It isn’t every day that an email arrives promising to destroy my life.
But on Tuesday, it happened. The email promised I would “no longer need to spend time and energy meal planning, cooking, washing up… eating…”
No more washing up? That’s fine. But as I spend far too many waking hours planning what to eat, then cooking and eating it, the news sent chills down my spine. What of the pasta, the rib-eyes, the cheese? What of the bacon?
All of it gone. In its place, a powder called ‘Huel’, which has just arrived in the UK. You blend it up with water and drink it instead of eating food. It claims to be the first of its kind, ever.
There may be a reason for that. But give it a chance. According to the email, Huel is made “from a blend of protein, carbs and fats alongside a specific vitamin blend which provides 100% of the government’s recommended daily intake, removing the need to eat food.”
It’s not a description that immediately makes the mouth water, but contrary to its unedifying beige appearance and strictly monochrome packaging, Huel isn’t a chemically generated legal high for foodies, but a “real food” powder, made up of rice, peas, oats, flaxseed, coconut and vitamins.
You will have noticed the absence of anything meaty, or interesting, but the team behind Huel are apparently “keen to ensure the product can be consumed by anybody”. So Huel contains “no dairy, animal products, soy, eggs or added sugar, and has a shelf life of over a year.”
No doubt you are clamouring to order a great big stash, and the good news is that Huel is reasonably priced. A daily supply costs around £6.50, equating to £45 per week. And if you’re still in doubt about swapping a lifetime of food for a lifetime of three brown milks a day, you can go to the Huel website and watch a video all about it, which starts with a man doing a mid-air somersault (I’m going to assume he lives off Huel) swiftly followed by a fat man with sad eyes joylessly eating a chicken burger.

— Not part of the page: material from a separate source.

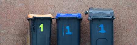 A row of colorful waste bins stands against a gritty concrete wall, emphasizing urban sustainability and the importance of proper waste management practices in our communities.

Then it gets a bit weird. Footage of a stir fry made with freshly chopped vegetables is followed by a woman at her desk at work, head in hands. She doesn’t have time to make a stir fry, you see. Just the thought does her head in. Then Huel founder Julian Hearn pops up to explain that what she really needs is Huel, while healthy looking people jog about swigging from Huel branded bottles (available from the website for a fiver). It gets stranger still (Huel is the answer to the future of civilisation or something) but I was forced to stop watching to eat a Twix.
Perhaps this product isn’t aimed at me. I like one word foods like pizza, chocolate and sandwich. But a good friend of mine once told me that as far as he was concerned, food was nothing more than fuel. We haven’t spoken since, but this product is probably aimed at him. The very name is a combination of Human and Fuel. And he won’t be the only one; human beings have an astonishing capacity for faddy diets. But enough speculation – products like these have been mooted since the 1960s when pills were going to replace food. Is it realistic to live off them? The only way to find out is to put Huel to the test.

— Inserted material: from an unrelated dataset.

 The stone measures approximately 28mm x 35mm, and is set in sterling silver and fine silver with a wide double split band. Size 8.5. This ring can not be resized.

The swish Grocer offices are no place to conduct such a cruel and unusual experiment. Thanks to our magnificent food and drink industry we are sent food on a daily basis. The office is currently groaning under the weight of crates of energy drinks, fancy crisps, red hot snacking sausages, cakes, biscuits, nuts, chocolate, cooking sauces and blackcurrant juice. Every day is an epicurean adventure.
Sorry, what am I thinking, that actually makes this office the perfect place to conduct such an experiment! So in the not too distant future, with the cooperation of Huel, one intrepid Grocer journalist (not me, obviously) will swap food for Huel for a week. And watch this space to find out what happens next.